## Exercise aim
Where the listing below has a line with "A tree-lined drive", write out exactly that line and every line after it, stopping after the line with "2024年河南高考理科266".

## Data extract
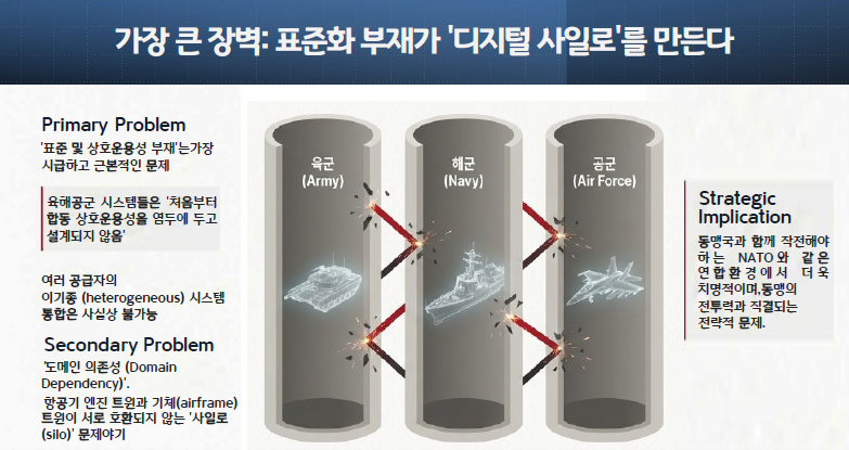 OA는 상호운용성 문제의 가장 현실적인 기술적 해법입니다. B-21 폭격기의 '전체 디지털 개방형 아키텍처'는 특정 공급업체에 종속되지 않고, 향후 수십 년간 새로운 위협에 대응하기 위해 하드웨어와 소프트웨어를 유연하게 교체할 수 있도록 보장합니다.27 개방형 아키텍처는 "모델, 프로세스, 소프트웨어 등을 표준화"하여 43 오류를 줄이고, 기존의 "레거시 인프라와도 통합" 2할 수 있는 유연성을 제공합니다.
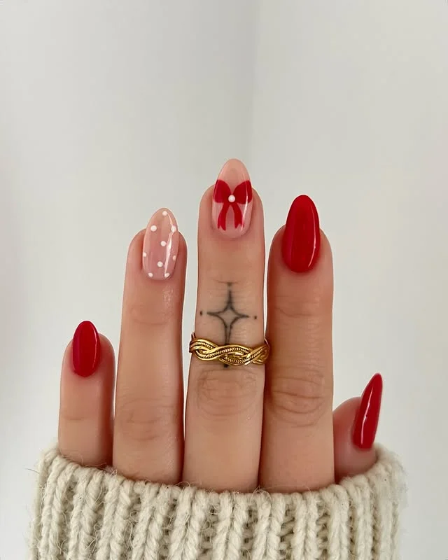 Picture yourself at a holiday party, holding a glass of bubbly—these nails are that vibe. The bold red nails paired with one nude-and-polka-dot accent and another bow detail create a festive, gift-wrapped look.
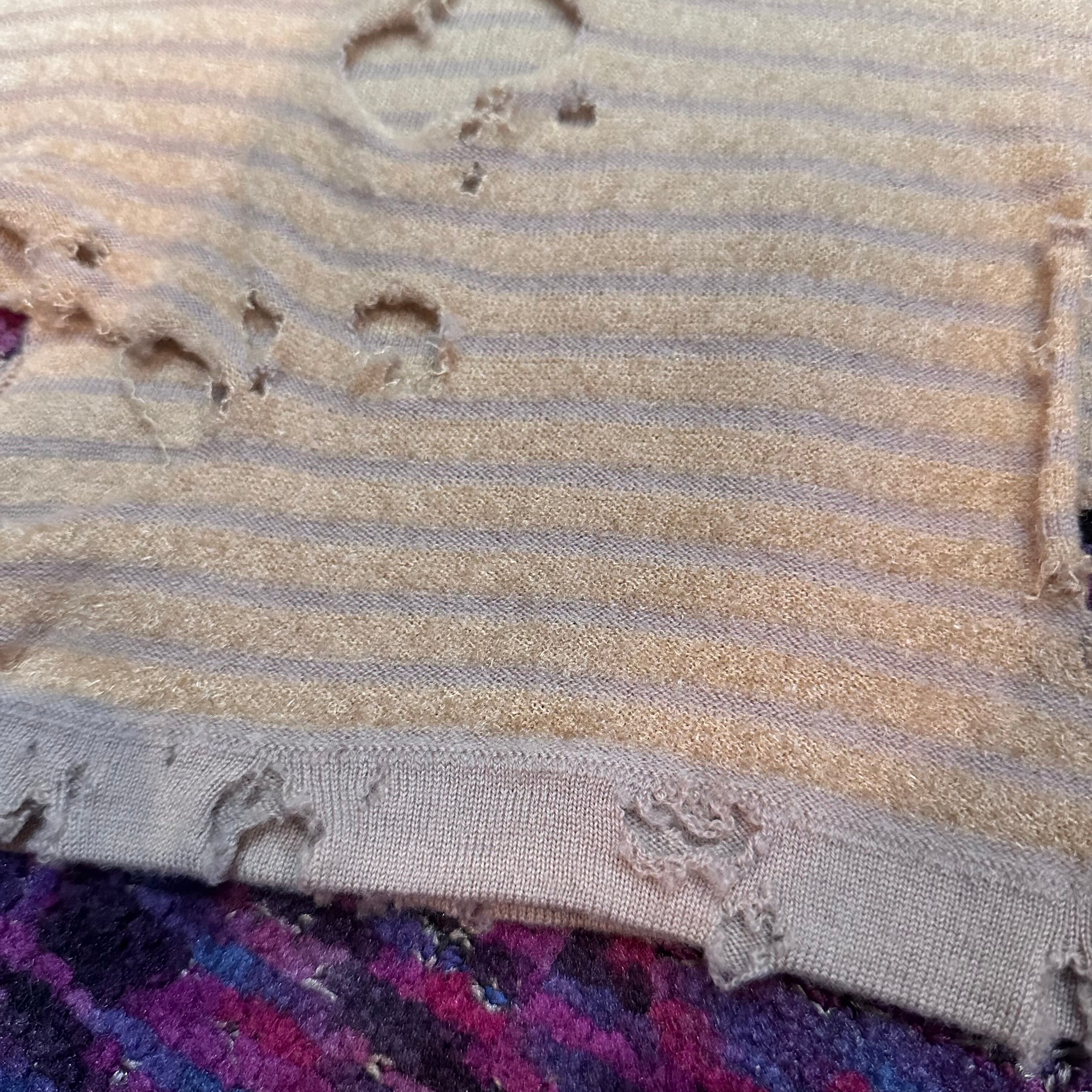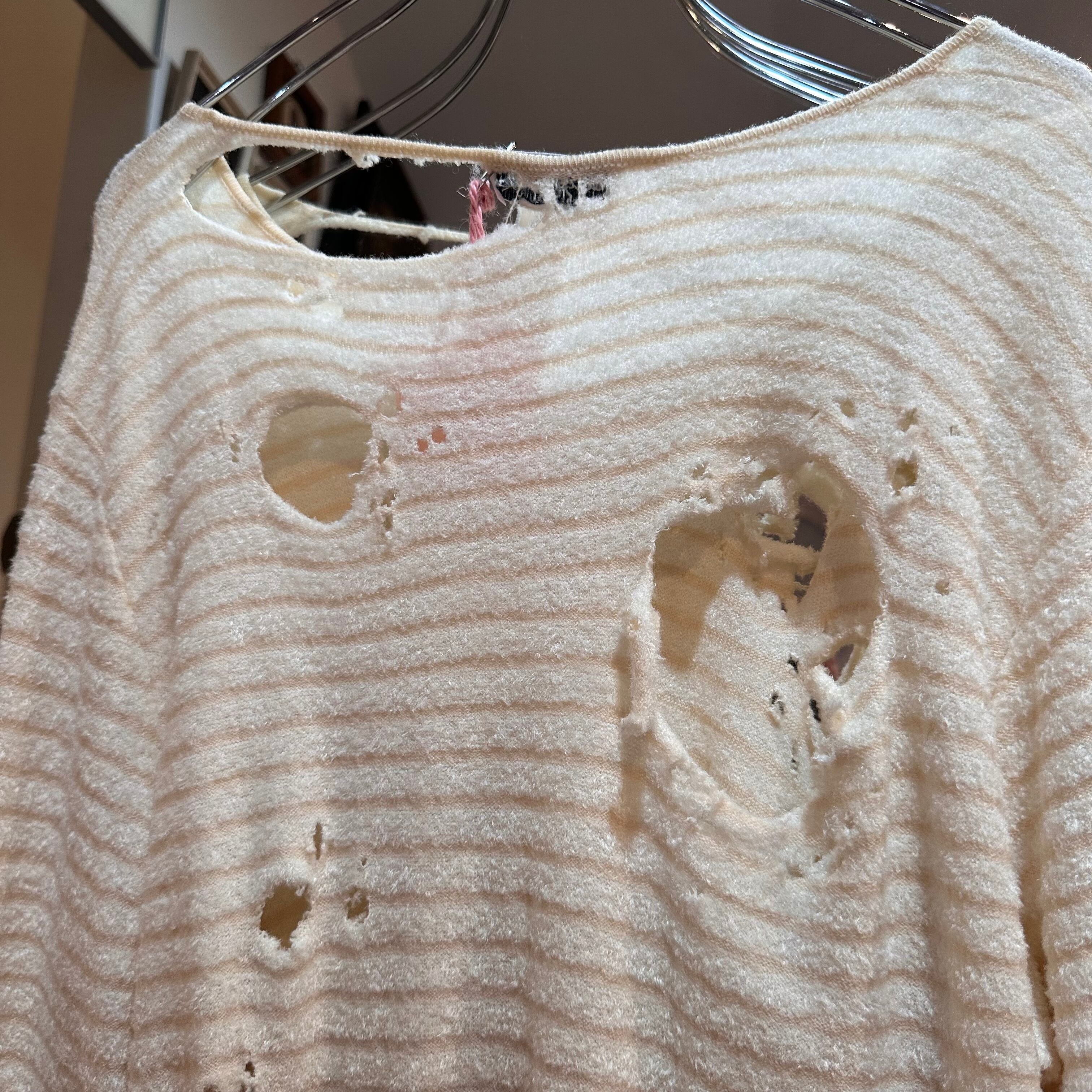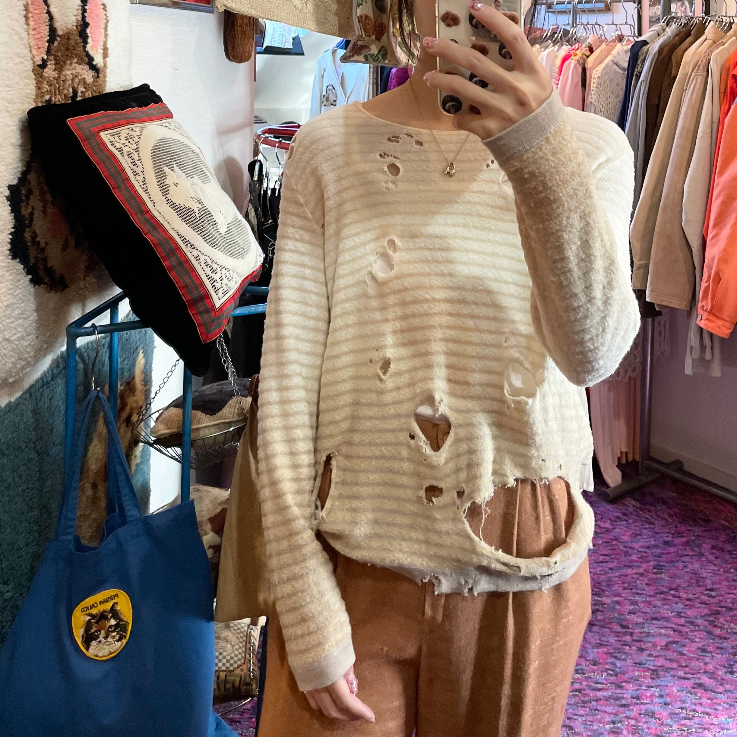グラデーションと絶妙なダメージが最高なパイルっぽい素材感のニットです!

...

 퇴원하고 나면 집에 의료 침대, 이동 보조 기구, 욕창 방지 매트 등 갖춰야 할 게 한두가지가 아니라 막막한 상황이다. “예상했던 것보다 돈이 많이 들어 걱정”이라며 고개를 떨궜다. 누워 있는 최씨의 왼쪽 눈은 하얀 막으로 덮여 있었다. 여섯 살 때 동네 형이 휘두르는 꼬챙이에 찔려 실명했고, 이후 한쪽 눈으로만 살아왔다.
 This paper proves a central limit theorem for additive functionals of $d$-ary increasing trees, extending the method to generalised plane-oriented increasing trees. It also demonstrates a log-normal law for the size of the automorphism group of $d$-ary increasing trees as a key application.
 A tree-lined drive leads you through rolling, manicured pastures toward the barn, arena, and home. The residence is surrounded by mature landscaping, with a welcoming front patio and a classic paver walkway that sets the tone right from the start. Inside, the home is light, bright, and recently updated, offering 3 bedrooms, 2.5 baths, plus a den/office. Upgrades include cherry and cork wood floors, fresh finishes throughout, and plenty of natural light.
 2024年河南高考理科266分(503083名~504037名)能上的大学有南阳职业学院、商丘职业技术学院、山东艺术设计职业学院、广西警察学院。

## Your response
 A tree-lined drive leads you through rolling, manicured pastures toward the barn, arena, and home. The residence is surrounded by mature landscaping, with a welcoming front patio and a classic paver walkway that sets the tone right from the start. Inside, the home is light, bright, and recently updated, offering 3 bedrooms, 2.5 baths, plus a den/office. Upgrades include cherry and cork wood floors, fresh finishes throughout, and plenty of natural light.
 2024年河南高考理科266分(503083名~504037名)能上的大学有南阳职业学院、商丘职业技术学院、山东艺术设计职业学院、广西警察学院。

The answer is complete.